So, "either the word 'latest'; or, one or two digits, a hyphen, then a word, a hyphen, then four digits" - the word supposedly being the name of a month.

The date format was of course just an example - I figured referring to the months by name was more human-friendly than "1684-06-04" would have been ("04-06-1684" wouldn't be a good idea). Needless to say, there's no way to prevent people entering dates that are out of range (1684) or outright bogus (Octember), but like I say, needless to say.... If they enter something that doesn't match the pattern, the rule won't be applied and the server would proceed as before. If they enter something that does match the pattern - you'll need to check user input anyway.

At the expense of a more complex rewrite rule, the day, month, and year components could be separated into distinct querystring fields, saving you a parsing step in the script.

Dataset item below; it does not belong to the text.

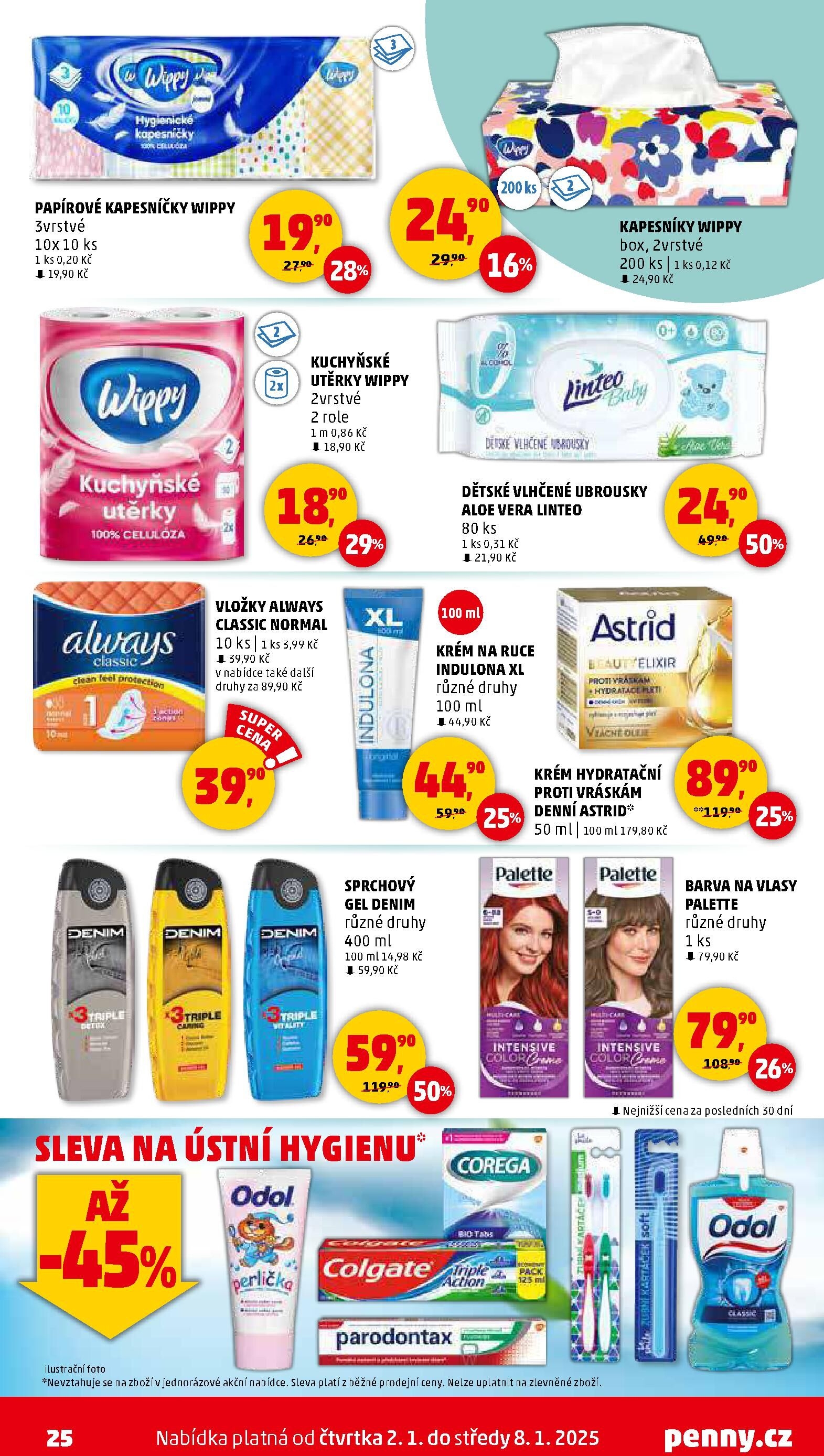 Pro milovníky sprchových gelů máme Denim v různých druzích za 59,90 Kč a barvy na vlasy Palette za 79,90 Kč. Akce platí od 2.1. do 8.1.2025. Navštivte penny.cz pro více informací!
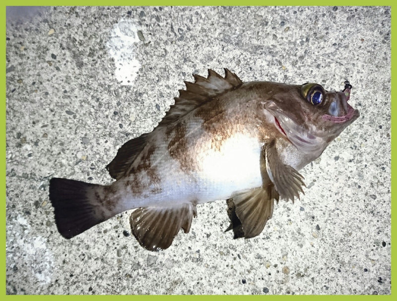 魚が小さいさくてヒットしないのかと思い、ナチュラルに誘うマゴバチをキャストしたらメバルがヒット。

Other ways to format the URL are of course possible. [font=monospace]archives/2011/06/04[/font], say. Then there'd be an obvious choice of URL for annual and monthly listings/summaries. (I seem to recall someone advocating the principle that if /foo/bar/baz is a legitimate path in a URL, then /foo/bar should be as well.)

dmacman1962 · Jun 13, 2013

Where was the stray + and what uppercase was incorrect? I want to add this to my htaccess for that directory so I can use the user-friendly names for the date like your example " events/archive/2013-May-07".

RewriteRule: ^{/events/archives/(latest|[0-9][0-9]?+-[a-z]+-[0-9][0-9][0-9][0-9])$} /events/archives.php?date=$1

Thanks

dmacman1962 · Jun 14, 2013

I changed my code to take a full date var and explode it them look up the archive article with that date. My GET is now archive.php?date=2013-06-01. I take that and explode it then look up the article. I couldn't figure out how to write the rewrite code from your example. I asked a consultant to look into writing that for us.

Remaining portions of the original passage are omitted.